Southeast Asia's Central Banks on Edge After Inflation SpikesBy and
Rising oil prices adding to pressure on inflation in region
With core CPI contained, no immediate central bank action seen
After more than a year of disinflation, price pressures are quickly mounting across Southeast Asia as fuel costs rise, putting central banks on watch after years of policy easing.
In Malaysia, consumer prices rose at the fastest pace in almost a year in January and economists see that as closing the door on another interest-rate cut this year even though the economy could do with more stimulus. From Singapore to Thailand, central banks are bracing for faster inflation.
The recent spike has been mainly caused by oil prices, which have surged 25 percent in the past six months. In a region where countries like Indonesia have been prone to high inflation in the past, and currencies are vulnerable -- notably in Malaysia -- central banks will need to monitor closely for any signs that rising fuel costs are spreading more broadly to prices in the economy.
“The obvious risk is that complacency leads central banks to miss inflation pressure spreading to the spending-driven CPI components, forcing more aggressive rate hikes and greater growth slowdowns down the road,” said Timothy Condon, head of Asian research at ING Groep NV in Singapore.
The pick-up in inflation isn’t unique to Southeast Asia as higher commodity prices drive up costs across Asia. China’s factory prices have snapped years of deflation, with some analysts saying this is the hidden side of the global reflation trade.
For now, core measures of inflation in Southeast Asia -- which exclude volatile items such as energy and food costs -- remain contained, taking the pressure off central banks to take immediate action to tighten policy. In Malaysia, where inflation reached 3.2 percent in January, the core measure was at 2.3 percent. The government’s projection is for headline inflation to average 2 percent to 3 percent this year.
“We’ve had a big swing from really depressed numbers,” said Sean Callow, a senior strategist at Westpac Banking Corp. in Sydney. “Until there’s evidence that core inflation is on the rise and wages up with it, I don’t think we’re going to have any inflation dynamic going on in the region.”
Malaysia’s central bank kept its benchmark interest rate unchanged at 3 percent on Thursday, in line with the forecasts of all but one of the 17 economists surveyed by Bloomberg. Bank Negara Malaysia said headline inflation will remain “relatively high” in the first half of the year and then moderate, while core inflation is expected to “increase modestly.” The outlook for inflation is dependent on global oil prices, which remain uncertain, it said.

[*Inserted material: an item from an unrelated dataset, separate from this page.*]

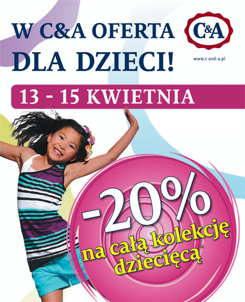 Od 13 do 15 kwietnia br. w sklepach C&A otrzymacie 20% rabatu na całą kolekcję dziecięcą.

Inflation will probably accelerate to 4 percent in February, and average 3.5 percent this year, up from a previous forecast of 2.5 percent, according to Mohamed Faiz Nagutha, an economist with Merrill Lynch Asia Pacific Ltd. in Hong Kong. After surprising the market with an interest-rate cut in July last year, Mohamed Faiz is predicting the central bank will be on hold for the rest of the year.
“We do not expect BNM to react to these spikes in headline CPI and rather focus on measures of core inflation,” he said.
Malaysia’s ringgit was little changed at 4.45 against the dollar as of 5 p.m. in Kuala Lumpur, taking its decline in the past month to 0.6 percent.
The Philippines, which had the fastest economic expansion in Southeast Asia last year, may be the first country in the region to tighten monetary policy this year, according to economists surveyed by Bloomberg. Inflation is running at the fastest pace in two years and the currency is the worst performer in Asia this year, down 1.1 percent against the dollar.
“The Philippines has been seeing strong growth, so greater scope for inflation pass-through,” said Khoon Goh, the Singapore-based head of Asia research at Australia & New Zealand Banking Group Ltd.
In Singapore, consumer prices rose for a second month in January after almost two years of declines, while a government report on Wednesday showed a surprise slowdown in Thailand’s inflation in February to 1.4 percent.
Aside from the Philippines, most of the economies in Southeast Asia are growing below par, which supports calls for more policy easing. Growth in Malaysia slowed to 4.2 percent last year from 5 percent in 2015, while Indonesia’s economy expanded 5 percent in 2016, below the government’s goal of 7 percent.
“The inflation outlook across the region is one that things will start picking up,” said Rahul Bajoria, an economist at Barclays Plc in Singapore. “What we need to watch is second-round impacts of higher fuel inflation and the core inflation” measures, he said. “If that was to start picking up, then I think we’ll see central banks becoming a bit more cautious about the inflation outlook.”